The lift doors slide open. I brace myself, haul my grocery bags up off the floor again, and stump down the short hall to apartment 21A. They put a little yellow sticker on my door, to indicate I’m at increased risk during a spike. It’s a good thing for them to indicate, but it still feels a bit like they’re rubbing my face in how old I’m getting.

I key the door, shoulder it open, and walk inside. It feels good to be back inside. Safe. I won’t have to get groceries for another three days.

“Hello, Ivan!” the housebot calls, aggravatingly genial—I can tone down its enthusiasm, but it always resets during updates. “Remember to wash your hands, you asshole!”

At least the vocabulary modifications stuck. I don’t get a lot of laughs lately, but hearing the housebot cussing like a very chipper, electronic sailor is good for at least a couple smiles per day. It was a gift from my sister, same as the VR goggles she gave me for facecalls that I hardly ever use.

“I always do, dumbshit,” I say back, unhooking my mask and dropping it straight into the laundry.

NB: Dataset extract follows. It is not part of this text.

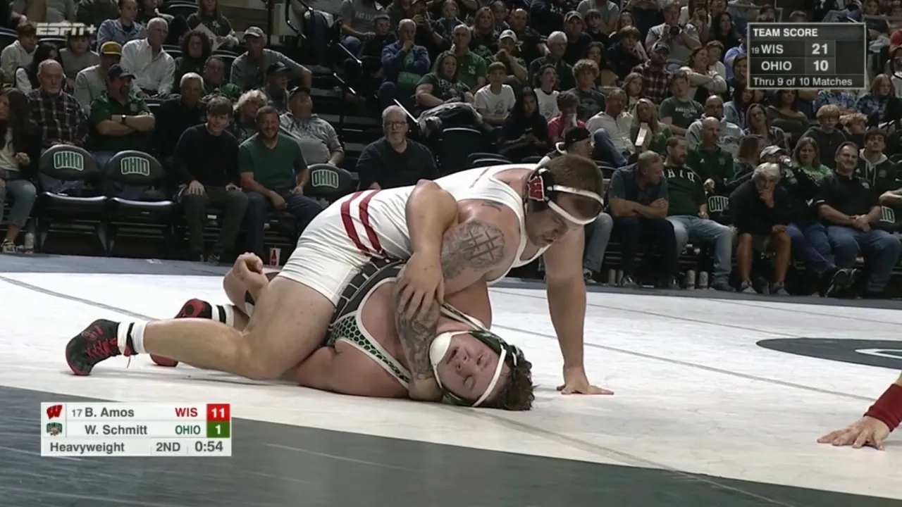 2025/26 Ohio vs. Wisconsin wrestling dual HWT #17 Braxton Amos (WISC) fall Wyatt Schmitt (OHIO) I do not own this video, all credit/rights to ESPN/MAC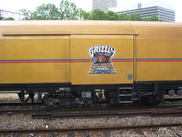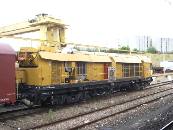 Ici c'est un train de meulage de rail Grizzly (1997)qui connut des précédentes versions avec le wagon de meulage WM (1953), le train de meulage des rails TMR (1971), les machines à meuler MR III (1980) et MR IV (1986), les trains de meulage MRK (1989).

After Jan died, my sister floated the idea of me moving to Seattle to live nearer her and her family, maybe even live with them for a while—she has a heart two sizes too big. And it’s true Seattle has bounced back better than most cities over in the USA. But moving felt like running away, so I told her I was staying.

And a week later a little yellow Amazombie dropped the housebot off at my door, machines delivering machines, very Escher. My sister programmed it herself, and the two of us generally get along okay. I just hate it when it starts trying to run therapy routines.

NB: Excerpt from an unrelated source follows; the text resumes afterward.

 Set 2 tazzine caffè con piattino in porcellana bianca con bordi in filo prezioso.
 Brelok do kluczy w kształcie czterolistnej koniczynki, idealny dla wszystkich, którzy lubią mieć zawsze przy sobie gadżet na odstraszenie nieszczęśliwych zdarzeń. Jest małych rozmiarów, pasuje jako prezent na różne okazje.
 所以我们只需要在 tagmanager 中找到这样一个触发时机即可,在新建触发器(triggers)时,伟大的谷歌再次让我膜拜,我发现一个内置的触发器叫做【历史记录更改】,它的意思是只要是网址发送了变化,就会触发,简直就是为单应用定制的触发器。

“There were only twelve new cases in Czechia today,” the housebot chirps as I lug the groceries to the kitchen. “Lockdown is expected to end Wednesday.”

Its body pads into view, a little white machine about the size of a cat, equipped with simple manipulators. Mostly it’s just there to put an emoji-projecting face to the basic AI synced into the apartment’s retrofit network. Its manipulator telescopes to start putting the groceries into the fridge. Meanwhile I wash my hands, thoroughly, fingertip to elbow with a coconut scented soap Jan got me into the habit of buying.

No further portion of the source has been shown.